**INFORMATION SUPPLIED**
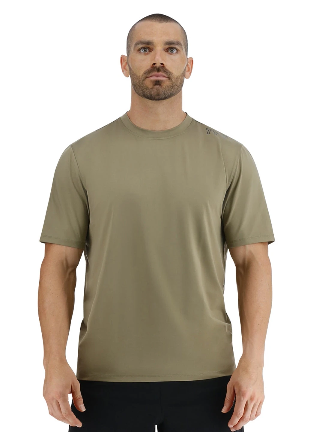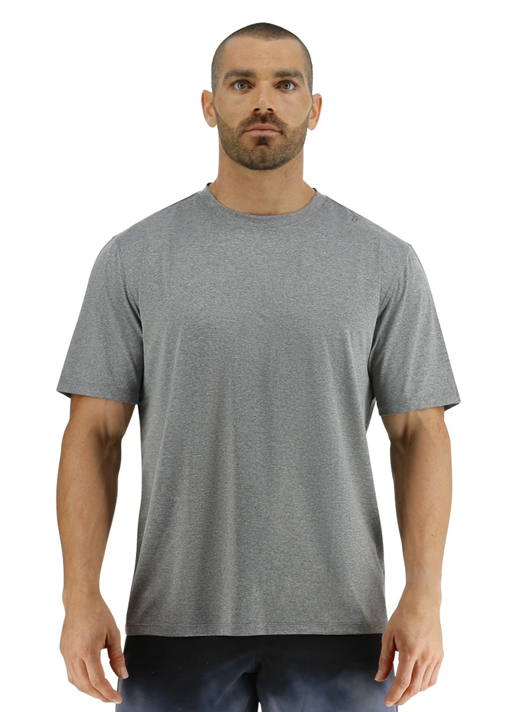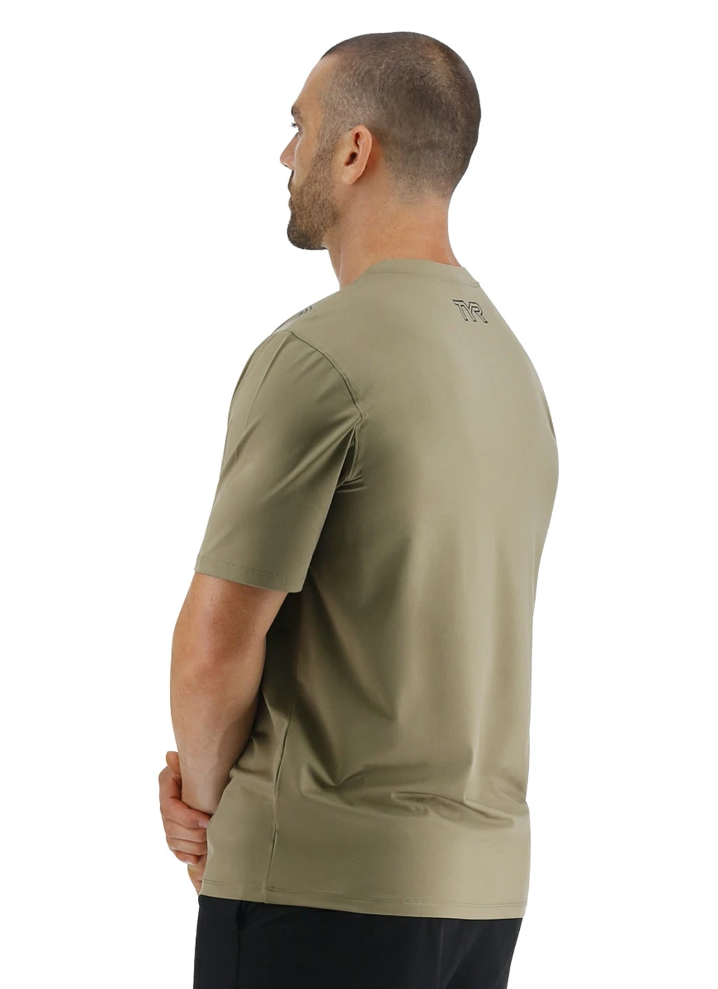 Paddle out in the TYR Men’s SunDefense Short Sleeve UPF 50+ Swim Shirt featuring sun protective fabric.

---

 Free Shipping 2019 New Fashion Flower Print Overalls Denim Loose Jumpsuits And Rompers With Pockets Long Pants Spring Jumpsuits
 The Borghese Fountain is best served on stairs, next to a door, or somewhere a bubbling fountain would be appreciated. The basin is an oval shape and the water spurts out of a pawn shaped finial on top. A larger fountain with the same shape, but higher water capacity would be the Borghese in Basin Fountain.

**WHAT YOU WILL DO**
All lines above between those holding "Free Shipping 2019" and "The Borghese Fountain", inclusive, must be set down unchanged, and no other line may be included.

**SOLUTION BELOW**
 Free Shipping 2019 New Fashion Flower Print Overalls Denim Loose Jumpsuits And Rompers With Pockets Long Pants Spring Jumpsuits
 The Borghese Fountain is best served on stairs, next to a door, or somewhere a bubbling fountain would be appreciated. The basin is an oval shape and the water spurts out of a pawn shaped finial on top. A larger fountain with the same shape, but higher water capacity would be the Borghese in Basin Fountain.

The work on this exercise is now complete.